The final tie of the Association Football Cup was being played at the Crystal Palace, and I determined to sing them a verse giving the score at half-time.... I had written... an alternative two lines to suit whichever team had scored, but when the curtain rose for my turn the news had not come. While I was singing the song I saw the stage manager in the wings waving a telegram. ...I went to the wings, got the envelope, opened it before the audience, and sang them the information that Aston Villa was a goal ahead. I do not think I have ever had a greater success with a verse.
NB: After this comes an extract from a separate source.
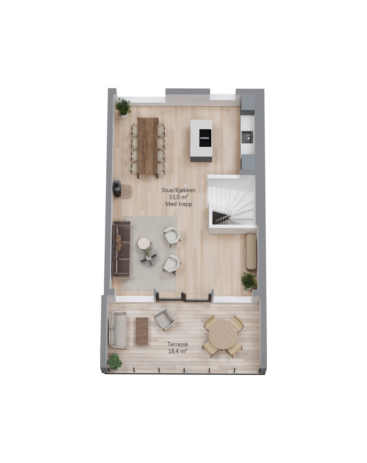 • Solrike terrasser (13 m² + 18 m²).
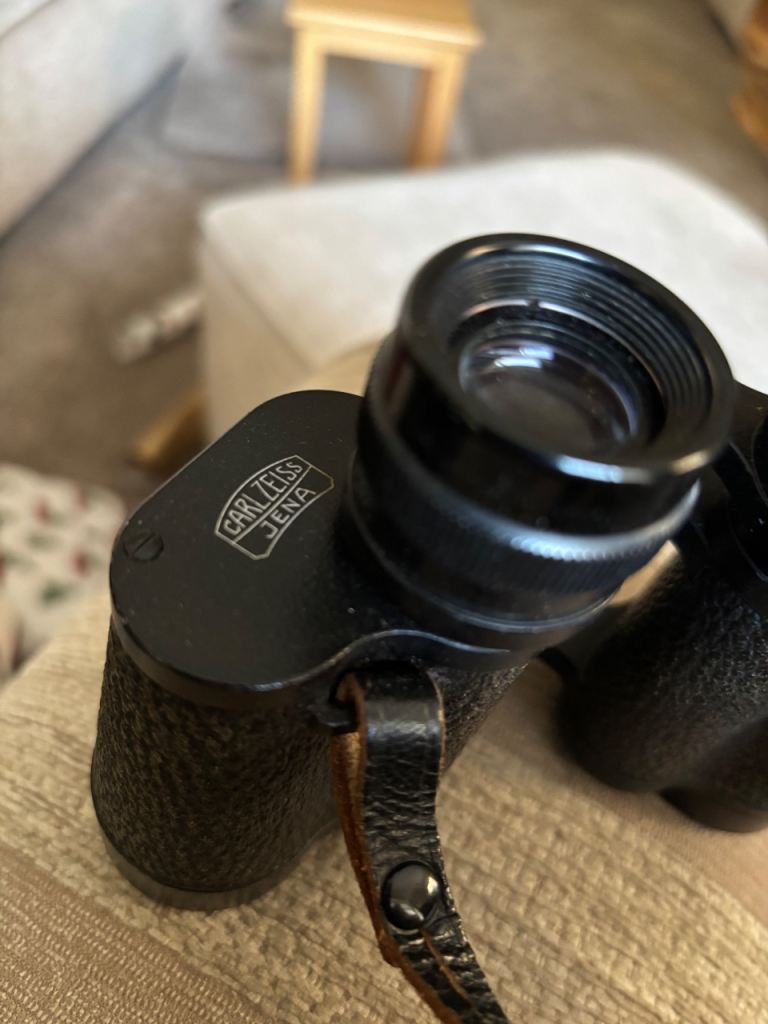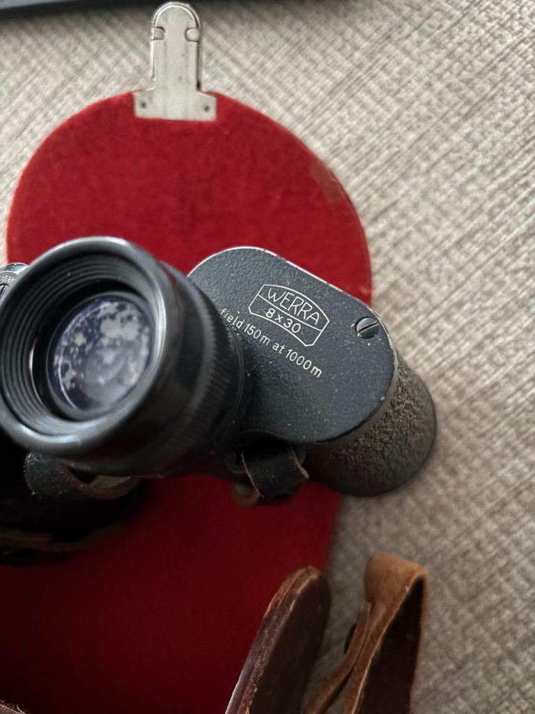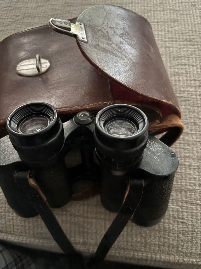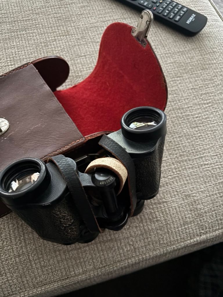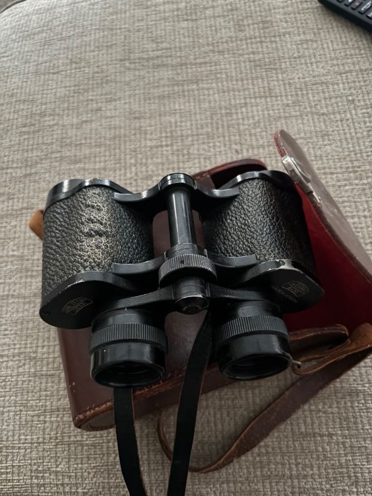 A used pair of binoculars from a quality maker in leather case . Ideal size for bird watching . The coating on one of the eye pieces is apparent but appears to make no difference to the optics , everything is still clear in the sight picture . Prefer collection from S80

Helen D'Oyly Carte with Barrington, c. 1908

Barrington returned to the D'Oyly Carte Opera Company in 1908 for the second of the London repertory seasons, playing Pooh-Bah, Captain Corcoran, Mountararat, and the Sergeant of Police once again, and adding the roles of Wilfred Shadbolt in Yeomen (finally completing the feat of playing a principal role in all thirteen extant Gilbert and Sullivan operas), and Don Alhambra in The Gondoliers to his Savoy repertoire. He then played in more music hall sketches and toured in musicals, including in A Member of Tattersall's, an adaptation by Adrian Ross of Leo Fall's Die Geschtedene Frau (1909, repeated in London in 1911); as the Marquis of Steyne in The Walls of Jericho (1909); and as Judge Tucker in The Bigamist (1910). In 1910, he created the role of Lucas van Tromp in The Girl in the Train at the Vaudeville Theatre.

===Last years===
Barrington also established himself on the legitimate stage, playing Falstaff in The Merry Wives of Windsor at His Majesty's Theatre in 1911; he appeared in Baron Trenck and in several other roles from 1911 to 1913; on tour in Other People's Babies, by Lechmere Worrall, in 1913; as Lord Leonard Alcar in the highly successful The Great Adventure by Arnold Bennett (1913–14; based on Bennett's 1908 novel, Buried Alive); as Max Somossy in The Joy-Ride Lady, by Arthur Anderson and Hartley Carrick at the New Theatre (1914); and Polonius in Hamlet and Christopher Sly in The Taming of the Shrew at His Majesty's in 1916, among other roles. He continued to perform in London and in the provinces until 1918, from 1916 under the management of John Martin-Harvey. One of his later successes was a reprise of his 1909 role as the kindly bookmaker Peter Perks in A Member of Tattersall's. His last role was Claus in The Burgomaster of Stilemonde, by Count Maurice Maeterlinck, at the Lyceum Theatre, Edinburgh, beginning in October 1918.

Barrington wrote horse racing columns for Punch magazine under the pseudonym Lady Gay and also wrote two volumes of reminiscences, in 1908 and 1911. He also appeared in four silent films: San Toy (1900); as Mr. Texel in The Great Adventure (1915); as Septimus Beaumont in The Girl Who Loves a Soldier (1916); and as Mr. Potter in Still Waters Run Deep (1916). In addition to his avid interest in several sports, which he describes at length in his memoirs, Barrington was a skilled artist in watercolours and pen and ink.

After Barrington suffered a paralytic stroke in early 1919, he was unable to perform. He spent the rest of his life in poverty, although his fellow actors held benefits and made other efforts to help him, and his brothers and his neighbours in East Hagbourne, Berkshire, helped him as he became increasingly disabled and eventually unable even to speak. He died in 1922 while living at the St. James's Infirmary, Balham, in South London, at the age of 69 and is buried in Lower Morden Lane at the Morden Cemetery, also known as Battersea New Cemetery, in Surrey. On the 75th anniversary of Barrington's death, a granite monument with a photoplaque of Barrington as Pooh-Bah was dedicated to him at the Morden Cemetery, by members of the Gilbert and Sullivan Society, the Sir Arthur Sullivan Society and others.